Supplied data:
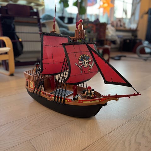 Sat billigt, da snor til sejlene er knækkrt/faldet af, så nye skal på sættes eller kan fint bruges uden sejl.
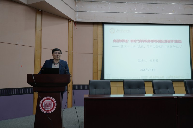 会上,院党委专职纪检委员马龙剑为全院教职工带来了一场题为“商道即师道:新时代91九色 师德师风建设的使命与担当”的专题讲座。他通过精挑细选以贴近商科教学背景为典型案例,深入浅出地向大家剖析了高校教师师德失范的严重后果,不仅敲响了警钟,还场景式地划好了的红线。
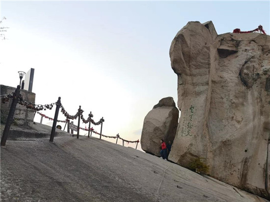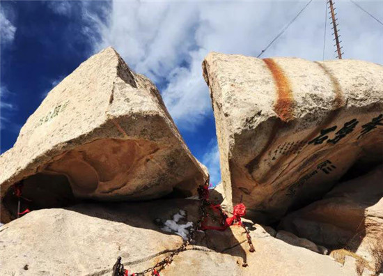 華山以石著名,每一處奇石都有一個美麗而動人的傳說。過了擦耳崖,看到的這兩塊石頭叫“日月巖”,左邊的代表“日”,右邊的代表“月”,上面這四個字是“云天弧光”,有時在夜晚,這里會出現(xiàn)一道非常耀眼的光。相傳武則天當(dāng)年上華山走這里,看到這兩塊形似日月的石頭,就別出心栽地給自個兒的字號創(chuàng)造了一個“瞾”字,因為這兩塊奇石上頂青天,下臨空谷,唯我獨尊,是光明與權(quán)威的象征。

What you are asked to do: In full and without change, repeat the material above, minus the pictures.

Expected answer:
 Sat billigt, da snor til sejlene er knækkrt/faldet af, så nye skal på sættes eller kan fint bruges uden sejl.
 会上,院党委专职纪检委员马龙剑为全院教职工带来了一场题为“商道即师道:新时代91九色 师德师风建设的使命与担当”的专题讲座。他通过精挑细选以贴近商科教学背景为典型案例,深入浅出地向大家剖析了高校教师师德失范的严重后果,不仅敲响了警钟,还场景式地划好了的红线。
 華山以石著名,每一處奇石都有一個美麗而動人的傳說。過了擦耳崖,看到的這兩塊石頭叫“日月巖”,左邊的代表“日”,右邊的代表“月”,上面這四個字是“云天弧光”,有時在夜晚,這里會出現(xiàn)一道非常耀眼的光。相傳武則天當(dāng)年上華山走這里,看到這兩塊形似日月的石頭,就別出心栽地給自個兒的字號創(chuàng)造了一個“瞾”字,因為這兩塊奇石上頂青天,下臨空谷,唯我獨尊,是光明與權(quán)威的象征。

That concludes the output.